# SiamOnline Thailand Info > Bangkok & Umgebung >  Interessantes Erinnerungsbild

## Erwin

Im Internet fand ich durch Zufall ein interessantes Bild. Es ist eine Erinnerung an den Besuch des Kronprinzen Wilhelm v. Preußen in Bangkok.

Oben sieht man den Panzerkreuzer Gneisenau. Dieses Schiff gehörte damals zur Stützpunkt Tsingtau (das war ein deutsches „Pachtgebiet“). 

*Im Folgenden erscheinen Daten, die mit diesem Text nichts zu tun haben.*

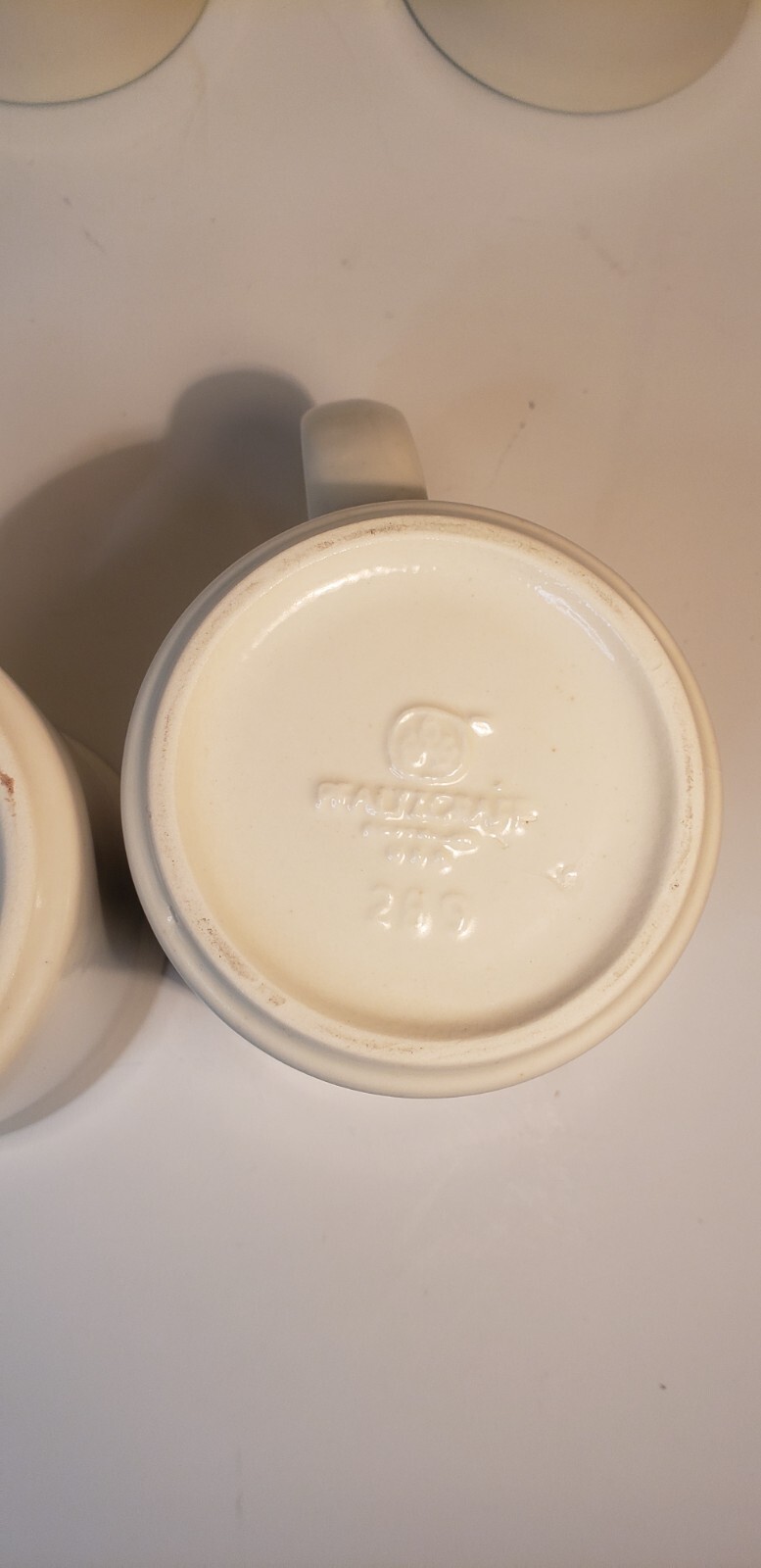 Pre-owned and in very good condition, showing only light utensil marks from use. No chips, cracks, or major wear. A great companion to Nordic Christmas dinner plates or as a standalone set of festive mugs.

Es sind zwei Flaggen abgebildet, rechts die von Deutschland mit dem deutschen Adler, und links die von Siam mit einem Elefanten.

Unten sieht man einen Tempel, es steht dran, es sei „Wat Cheng“, aber es ist Wat Arun, der Tempel der Morgenröte. Ich habe nachgelesen, warum der Tempel hier Wat Cheng genannt wird:

Der zur Ayutthayazeit gebaute Tempel hieß zunächst Wat Makok (วัดมะกอก). König Taksin nannte den Tempel um in „Wat Chaeng“ (วัดแจ้ง). König Mongkut (Rama IV) gab dem Tempel dann den endgültigen Namen „Wat Arun“.

Erwin

----------